● Work to complete
Transcribe exactly everything in the data below from the line containing "Lampadario dorato per" down to the line containing "Willkommen in Ihrem", both lines included and nothing further.

● Data for this task
--- START ---

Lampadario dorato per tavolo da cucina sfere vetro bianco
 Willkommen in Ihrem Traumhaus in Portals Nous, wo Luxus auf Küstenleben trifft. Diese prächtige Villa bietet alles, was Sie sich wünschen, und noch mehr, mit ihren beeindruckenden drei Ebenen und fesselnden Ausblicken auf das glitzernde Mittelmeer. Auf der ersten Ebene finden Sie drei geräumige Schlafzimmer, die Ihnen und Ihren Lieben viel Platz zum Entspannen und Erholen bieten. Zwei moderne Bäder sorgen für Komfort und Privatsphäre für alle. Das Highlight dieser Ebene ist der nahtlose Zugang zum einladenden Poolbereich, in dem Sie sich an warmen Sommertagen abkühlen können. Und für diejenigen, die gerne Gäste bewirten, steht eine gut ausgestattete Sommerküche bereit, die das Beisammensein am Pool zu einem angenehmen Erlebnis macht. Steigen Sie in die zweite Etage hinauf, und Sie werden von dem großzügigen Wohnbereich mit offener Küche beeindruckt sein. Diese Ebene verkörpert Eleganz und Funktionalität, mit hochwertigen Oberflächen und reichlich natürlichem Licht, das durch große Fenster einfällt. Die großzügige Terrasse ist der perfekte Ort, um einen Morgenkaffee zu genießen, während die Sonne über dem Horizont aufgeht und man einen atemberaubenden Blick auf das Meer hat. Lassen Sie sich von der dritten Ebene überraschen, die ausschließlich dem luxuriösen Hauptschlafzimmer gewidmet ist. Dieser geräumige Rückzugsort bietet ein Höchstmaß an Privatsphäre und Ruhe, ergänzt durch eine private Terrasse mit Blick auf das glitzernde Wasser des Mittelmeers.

--- END ---
--- START ---

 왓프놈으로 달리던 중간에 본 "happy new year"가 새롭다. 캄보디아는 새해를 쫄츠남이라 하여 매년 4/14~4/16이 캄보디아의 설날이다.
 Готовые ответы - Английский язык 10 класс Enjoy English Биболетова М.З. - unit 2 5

--- END ---

● Exercise response
Lampadario dorato per tavolo da cucina sfere vetro bianco
 Willkommen in Ihrem Traumhaus in Portals Nous, wo Luxus auf Küstenleben trifft. Diese prächtige Villa bietet alles, was Sie sich wünschen, und noch mehr, mit ihren beeindruckenden drei Ebenen und fesselnden Ausblicken auf das glitzernde Mittelmeer. Auf der ersten Ebene finden Sie drei geräumige Schlafzimmer, die Ihnen und Ihren Lieben viel Platz zum Entspannen und Erholen bieten. Zwei moderne Bäder sorgen für Komfort und Privatsphäre für alle. Das Highlight dieser Ebene ist der nahtlose Zugang zum einladenden Poolbereich, in dem Sie sich an warmen Sommertagen abkühlen können. Und für diejenigen, die gerne Gäste bewirten, steht eine gut ausgestattete Sommerküche bereit, die das Beisammensein am Pool zu einem angenehmen Erlebnis macht. Steigen Sie in die zweite Etage hinauf, und Sie werden von dem großzügigen Wohnbereich mit offener Küche beeindruckt sein. Diese Ebene verkörpert Eleganz und Funktionalität, mit hochwertigen Oberflächen und reichlich natürlichem Licht, das durch große Fenster einfällt. Die großzügige Terrasse ist der perfekte Ort, um einen Morgenkaffee zu genießen, während die Sonne über dem Horizont aufgeht und man einen atemberaubenden Blick auf das Meer hat. Lassen Sie sich von der dritten Ebene überraschen, die ausschließlich dem luxuriösen Hauptschlafzimmer gewidmet ist. Dieser geräumige Rückzugsort bietet ein Höchstmaß an Privatsphäre und Ruhe, ergänzt durch eine private Terrasse mit Blick auf das glitzernde Wasser des Mittelmeers.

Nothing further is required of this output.